Posted by Jim Tanous on April 16, 2014
Google Chrome Windows XP

Update: Google has enabled DirectWrite by default with the release of Chrome 37 in late August 2014. As a result, the flag is now listed as “Disable DirectWrite” and you should enable this flag if you wish to disable DirectWrite support.
Google Chrome for Windows has long been plagued by font rendering problems. From fonts that appear slightly “off” compared to other platforms, to flat out rendering errors, text simply doesn’t look that good in Chrome. Thankfully, a new beta feature of the browser has finally brought support for DirectWrite, Microsoft’s text rendering API for Windows which can improve font rendering significantly. Up until now, Chrome font rendering has relied on Windows Graphics Device Interface (GDI), an older and less capable API.

Chrome Font Rendering

Via gHacks, an example of Chrome font rendering in Windows when DirectWrite is disabled (top) and enabled (bottom).

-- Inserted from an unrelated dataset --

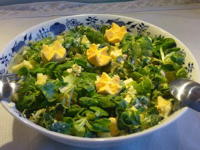 7.Полейте продукты в салатнике заправкой и аккуратно перемешайте. Украсьте сверху листиками салата и яичными желтками. Зимний яичный салат «Весенняя поляна» готов. Подавайте его сразу после приготовления.

As noted by gHacks, Chrome version 35, now in beta, includes a setting to enable DirectWrite support. To enable DirectWrite in Chrome, first make sure you’re using the beta version of the browser, and check to ensure you’re updated to at least version 35 (specifically, we tested this feature on Chrome 35.0.1916.27).
Next, launch Chrome and enter chrome://flags into the browser’s address bar. This will enable access to a variety of hidden and experimental features, so be careful as you prod around in this menu.

Chrome Enable DirectWrite

Locate the setting to Enable DirectWrite. It’s currently the fifth entry from the top, but if it moves in future versions you can quickly find it via Chrome’s on-page search feature (Control-F or F3). Choose Enable and quit and relaunch the browser.
Upon relaunch, you’ll notice that Chrome font rendering, especially when it comes to Google Fonts, appears much cleaner. You’ll also no longer encounter occasional Chrome font rendering errors that made fonts unrecognizable in former versions of the browser.
If for some reason you prefer the old GDI rendering method, simply repeat the steps above and choose Disable this time around. As before, you’ll need to completely quit and relaunch Chrome to see the change.
As mentioned, DirectWrite support currently exists only in the beta version of Chrome. It’s unclear when Google will choose to transition it to the stable Windows version of the browser.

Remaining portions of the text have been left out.